По нему и по дядюшке было видно, что они начинают относиться к соревнованию слишком серьезно. Когда они пошли договариваться, на сколько поднять планку, из домика вышла бабушка. Ивча тут же окликнула ее:
— Баб, это вничью, а дядюшка прыгает «ножницами».
Бабушка была заспанная, оттого и не знала, что происходит. А мама сказала:
— Оставь их, мама. Садись, я приготовлю кофе.
Папка с дядюшкой передвинули планку на сто тридцать сантиметров, и мы с Ивчей, как тренеры, должны были это проверить.
— Жалко, что очень твердая площадка для приземления, но я и эти сто тридцать запросто возьму «ножницами», а потом сделаю это «горайном»[2].
— Правильно, дядюшка, — подбадривала его Ивча, хотя она, так же как и я, вовсе не знала, что означает это слово. — Мы выиграем «горайном».
— Как тебе это нравится? — сказала бабушка маме. — Кисть в руки не возьмет, но когда дело доходит до какой-нибудь глупости, тут он мастер. У, старый гриб, и не стыдно ему? А потом иди с ним куда-нибудь в общество.
Дядюшка, конечно, все это слышал, но ничего не сказал, лишь с минуту гипнотизировал планку, потом попятился к ольшанику, зашмыгал теннисками по траве и пошел.
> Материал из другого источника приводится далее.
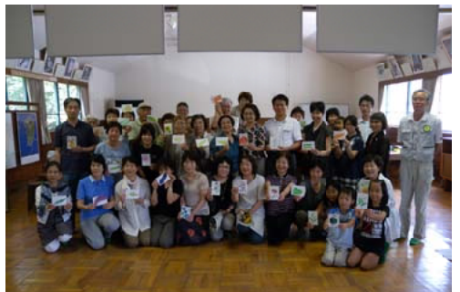
完成した作品を手にする受講者のみなさん

また、子どもたちの自然観察力や探求心を養う、「ジュニア樹木博士養成講座」の12回目を8月に実施する予定です。これは、森林内で児童5人に対し、講師として森林インストラクター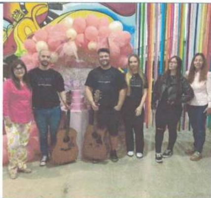
APRESENTAÇÃO (ANIVERSÁRIO DA CASA DE CULTURA) – 25/04/2025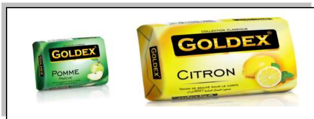
Figure 4 : savon barre GOLDEX.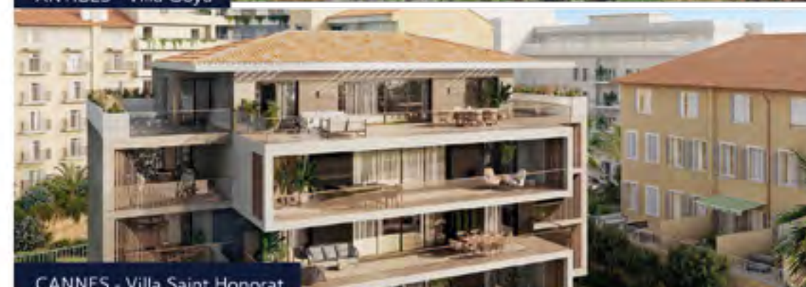
CANNES - Villa Saint Honorat

Он промчался мимо нас, но что-то у него не заладилось, а остановиться он не смог, поэтому врезался с разбегу в планку, вместе с ней долетел до самого дома — и только там насилу затормозил.
— Не получилось, — выдохнул он.
— Ну что ж, — сказал папка. — Только помни, пожалуйста, что эта попытка засчитывается.
Мне казалось, что планка и так поднята ужасно высоко, и, когда я вспомнила, что видела в телевизоре, как девушки запросто берут почти два метра, мне подумалось, что это какой-то трюк.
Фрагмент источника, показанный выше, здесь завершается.